Brass
Brass is actually a British comedy-drama series made by Granada Television for ITV and Channel 4.
Set mostly in Utterley, a fictional Lancashire mining town in the 1930s, 1970s proved to be a humor satirising the American supersoaps like Dallas and Dynasty as well as the period dramas of the 1970s. Unusually there clearly was no laughter trail and the humor kept exceptionally dry, using convoluted word play and subtle comment on popular culture. Brass is northern English slang for"currency" and for"effrontery". The series also gleefully parodied that the 1977 Granada TV dramatisation of Dickens' crisis, which also starred Timothy West.

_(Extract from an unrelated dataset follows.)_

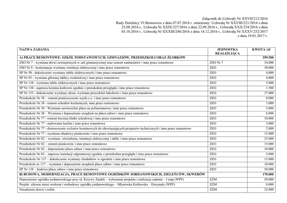 Załącznik do Uchwały Nr XXVII/212/2016 Rady Dzielnicy VI Bronowice z dnia 07.07.2016 r. zmieniony: Uchwałą Nr XXVIII/221/2016 z dnia 25.08.2016 r., Uchwałą Nr XXIX/227/2016 z dnia 22.09.2016 r., Uchwałą XXX/234/2016 z dnia 03.10.2016 r., Uchwałą Nr XXXIII/246/2016 z dnia 14.12.2016 r., Uchwałą Nr XXXV/252/2017 z dnia 19.01.2017 r. NAZWA ZADANIA JEDNOSTKA REALIZUJĄCA KWOTA /zł/ A) PRACE REMONTOWE: SZKÓŁ PODSTAWOWYCH, GIMNAZJÓW, PRZEDSZKOLI ORAZ ŻŁOBKÓW ZSO Nr 7 - wymiana drzwi zewnętrznych w sali gimnastycznej oraz remont sanitariatów i inne prace remontowe ZSO Nr 8 - kontynuacja wymiany instalacji elektrycznej i inne prace remontowe SP Nr 50 - dokończenie wymiany tablic elektrycznych i inne prace remontowe SP Nr 93 - wymiana głównej tablicy rozdzielczej i inne prace remontowe ZSO Nr 7 ZEO ZEO ZEO SP Nr 138 - wymiana tablic elektrycznych i inne prace remontowe SP Nr 138 - naprawa komina kotłowni zgodnie z protokołem przeglądu i inne prace remontowe SP Nr 153 - dokończenie wymiany okien, wymiana przeszkleń luksferów i inne prace remontowe Przedszkole Nr 38 – remont pomieszczenia węzła c.o. i inne prace remontowe Przedszkole Nr 38 - remont schodów kuchennych, inne prace remontowe Przedszkole Nr 38 - Wymiana nawierzchni placu na poliuretanową i inne prace remontowe ZEO ZEO ZEO ZEO ZEO ZEO 5.000 1.500 37.000 8.000 3.000 5.000 Przedszkole Nr 38 – Wymiana i doposażenie urządzeń na placu zabaw i inne prace remontowe Przedszkole Nr 77 - remont bocznej klatki schodowej i inne prace remontowe Przedszkole Nr 77 - malowanie kuchni i inne prace remontowe Przedszkole Nr 77 - dostosowanie wylotów kominowych do obowiązujących przepisów technicznych i inne prace remontowe Przedszkole Nr 77 - wymiana obudowy piaskownic i inne prace remontowe Przedszkole Nr 82 – wymiana oświetlenia, instalacji elektrycznej i tablic i inne prace remontowe ZEO ZEO ZEO ZEO ZEO ZEO 8.000 10.000 3.000 2.000 15.000 25.000 Przedszkole Nr 82 – remont piaskownic i inne prace remontowe Przedszkole Nr 82 – doposażenie placu zabaw i inne prace remontowe Przedszkole Nr 82 – naprawa instalacji odgromowej zgodnie z protokołem przeglądu i inne prace remontowe Przedszkole Nr 137 – dokończenie wymiany chodników w ogrodzie i inne prace remontowe Przedszkole nr 137 – wymiana i doposażenie urządzeń placu zabaw i inne prace remontowe SP Nr 138 – budowa placu zabaw i inne prace remontowe ZEO ZEO ZEO ZEO ZEO ZEO 15.000 10.000 5.000 15.000 10.000 50.000 ZZM ZZM ZZM 170.000 50.000 8.000 32.000 B) BUDOWA, MODERNIZACJA, PRACE REMONTOWE OGRÓDKÓW JORDANOWSKICH, ZIELEŃCÓW, SKWERÓW Doposażenie ogródka jordanowskiego przy ul. Krzywy Zaułek – wykonanie projektu i realizacja zadania – I etap (WPF) Projekt siłowni street workout i rozbudowy ogródka jordanowskiego – Młynówka Królewska – Drzymały (WPF) Nasadzenia drzew i roślin 299.500 34.000 30.000 4.000 4.000 Przebudowa schodów w parku Młynówka Królewska przy przejściu dla pieszych przez ul. Przybyszewskiego – dokończenie projektu i realizacja wg pozwolenia na budowę C) BUDOWA, MODERNIZACJA, PRACE REMONTOWE MIEJSKIEJ INFRASTRUKTURY DROGOWEJ W ZAKRESIE DRÓG WSKAZANYCH W WYKAZIE, O KTÓRYM MOWA W § 66 UST.1 STATUTU Budowa przejścia na wały rzeki Rudawa (WPF) Przebudowa drogi wewnętrznej przy ul Rydla 18-22 - wykonanie projektu (WPF) ZIKiT ZIKiT ZIKiT 115.000 48.000 Dobudowa oświetlenia ul. Machaya (WPF) Dobudowa oświetlenia na ul. Palmowej (WPF) Wyniesienie przejścia dla pieszych na ul. Wesele (WPF) Dobudowa oświetlenia chodnika stanowiącego dojście do bloku 71 przy ul. Racheli Dobudowa wysięgnika na ul. Przesmyk wraz z oprawą typu LED na istniejącym słupie Remonty dróg, chodników i oświetlenia: Remont ul. Machaya, Remont pobocza z wjazdami na ul. Katowickiej na odcinku od ul. Boya- Żeleńskiego do posesji nr 12c, Remont tarczy skrzyżowania ul. Przybyszewskiego z ul. Zapolskiej, Remont chodnika na ul. Katowickiej na odcinku od posesji nr 36 do posesji nr 48 włącznie, Remont zatoki postojowej na ul. Katowickiej usytuowanej przed wjazdem do Szkoły Podstawowej nr 50, Wykonanie nakładki asfaltowej na ul. Złoty Róg Zatoki parkingowe przy ul. Bronowickiej (II etap) ZIKiT ZIKiT ZIKiT ZIKiT ZIKiT ZIKiT 45.000 36.000 80.900 19.000 4.000 402.702 ZIKiT 45.000 D) BUDOWA, MODERNIZACJA, PRACE REMONTOWE OSIEDLOWEJ INFRASTRUKTURY SPORTOWEJ I REKREACYJNEJ E) LOKALNE WYDARZENIA: OŚWIATOWE, KULTURALNE, SPORTOWE I REKREACYJNE Organizacja imprez, uroczystości, konkursów i innych wydarzeń lokalnych dla całej dzielnicy z zakresu kultury. 80.000 795.602 0 96.200 12.000 Integracyjne Dni Bronowic Zeszyty historyczno-literackie CK Dworek Białoprądnicki CM im. H. Jordana CM im. H. Jordana Projekty edukacyjne Organizacja wernisażu i druk katalogu na wystawę malarstwa z okazji Dni Bronowic SP Nr 50 – Osadzanie chochoła SP Nr 50 – Święto ul. Tetmajera SP Nr 50 – Korowód Bronowicki SP nr 50 – Wielkanoc w Bronowicach CM im H Jordana CM im. H Jordana ZEO ZEO ZEO ZEO SP Nr 138 – Międzyszkolny Dzień Dziecka SP Nr 138 – Międzyszkolny Konkurs Palm ZEO ZEO 7.000 1.000 SP Nr 138 – Międzyszkolny konkurs Szopek ZEO 900 SP Nr 153 – Dzielnicowa Olimpiada Sześciolatka SP Nr 138 – Międzyszkolny Konkurs „Brzechwałki” SP Nr 153 – Międzyszkolny Konkurs pt. „Jestem genialnym dzieckiem, czyli pokaż co potrafisz?” ZEO ZEO ZEO 800 1.000 2.000 25.000 3.000 2.000 3.000 1.000 12.000 3.000 1.000 SP Nr 93 – Międzyszkolna gra terenowa pt. „Śladami Młodej Polski w Bronowicach” ZSO N 8 – organizacja zawodów sportowych w siatkówce ZSO Nr 8 - Cykl zawodów sportowych dla dzieci i młodzieży „ od przedszkolaka do starszaka” Wykonanie pomnika rtm. Witolda Pileckiego patrona ulicy Organizacja kina letniego w amfiteatrze F) PROGRAM POPRAWY BEZPIECZEŃSTWA DLA GMINY MIEJSKIEJ KRAKÓW „BEZPIECZNY KRAKÓW” Komenda Miejska Państwowej Straży Pożarnej (JRG3) – zestaw ratownika medy

The collection, produced Julian Roach and by John Stevenson, was set up to two feuding families--the Hardacres along with the working-class Fairchilds, who lived from the Hardacre tribe at a terraced house rented. The Hardacre family was led by the businessman Bradley, who espoused Thatcherite rhetoric whilst discovering harebrained schemes to generate his companies more efficient therefore he could sack workers, and his aristocratic wife Lady Patience. The mind of the Fairchilds was that the stern"Red" Agnes, who spread militant socialist rhetoric round the Hardacre minemill along with munitions factory, and her doltish, forelock-tugging husband George, who is dominated by his wife and his manager. Agnes was the mistress of Bradley Hardacre.